** Exercise data follows **
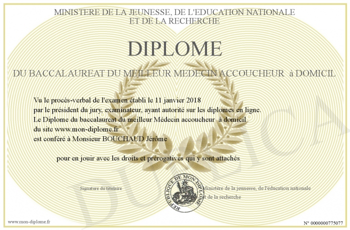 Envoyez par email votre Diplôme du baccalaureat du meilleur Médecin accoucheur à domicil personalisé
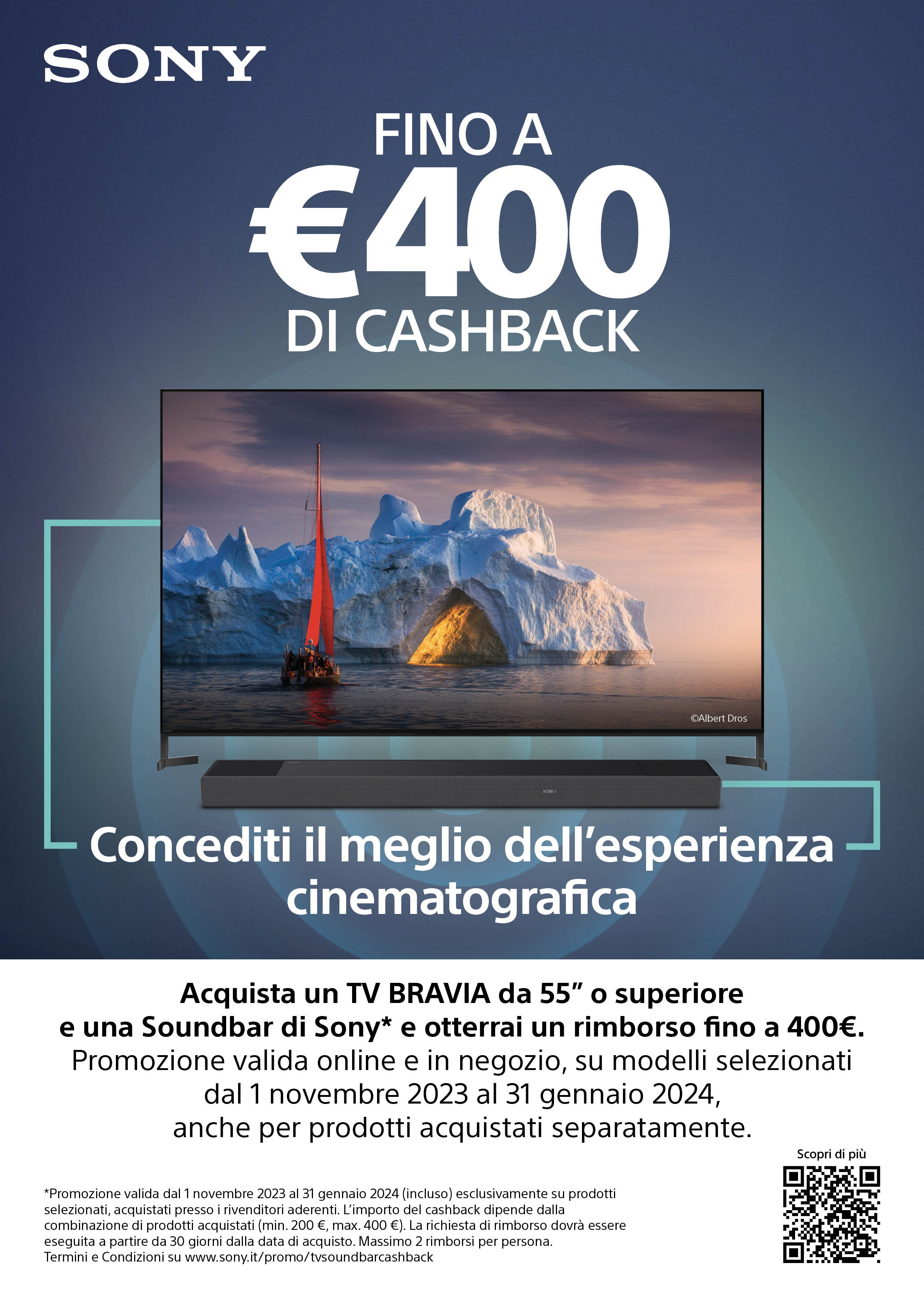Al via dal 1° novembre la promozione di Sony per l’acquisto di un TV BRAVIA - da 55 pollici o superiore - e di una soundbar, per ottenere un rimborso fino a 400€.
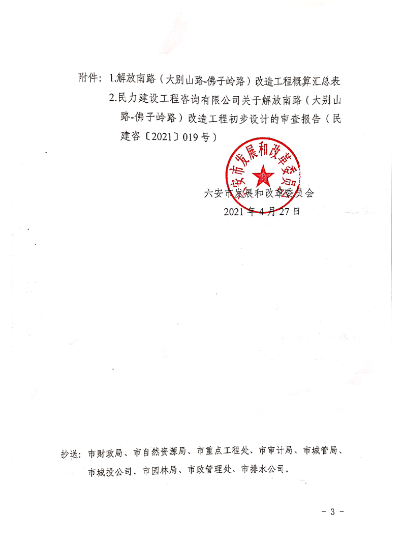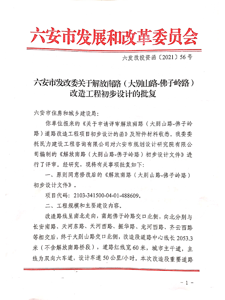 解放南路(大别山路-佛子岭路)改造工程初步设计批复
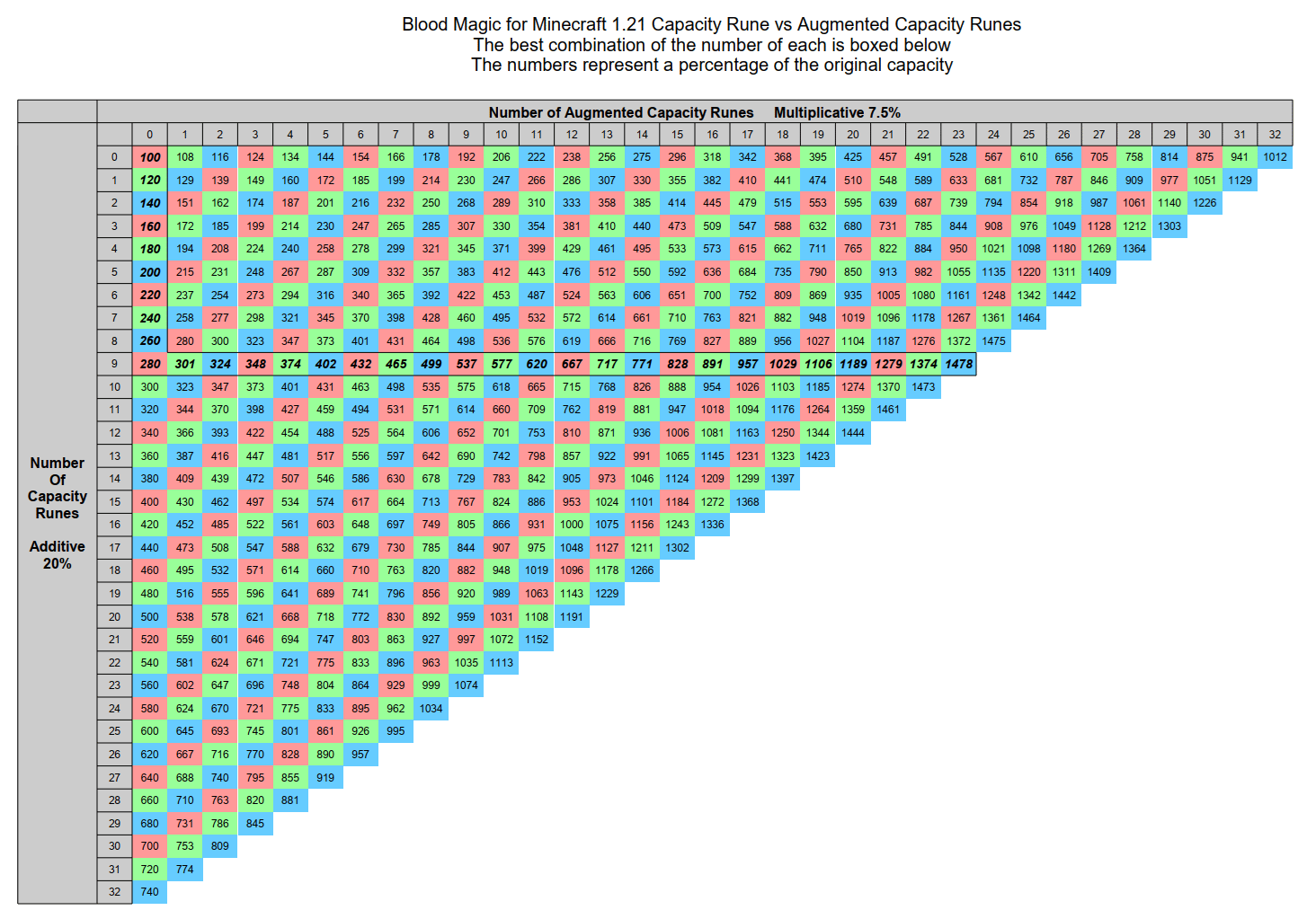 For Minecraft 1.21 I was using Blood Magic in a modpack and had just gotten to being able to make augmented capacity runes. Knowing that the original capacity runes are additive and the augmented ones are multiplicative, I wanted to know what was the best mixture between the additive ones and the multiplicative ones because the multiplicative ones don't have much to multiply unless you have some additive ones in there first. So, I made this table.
** End of Exercise data **
▶ [How to complete this task]: Beginning with the line above that has "Al via dal 1°" and going on through the line that has "解放南路(大别山路-佛子岭路)改造工程初步设计批复", retype every line exactly and add nothing else; drop the pictures.

▶ [Solution]:
Al via dal 1° novembre la promozione di Sony per l’acquisto di un TV BRAVIA - da 55 pollici o superiore - e di una soundbar, per ottenere un rimborso fino a 400€.
 解放南路(大别山路-佛子岭路)改造工程初步设计批复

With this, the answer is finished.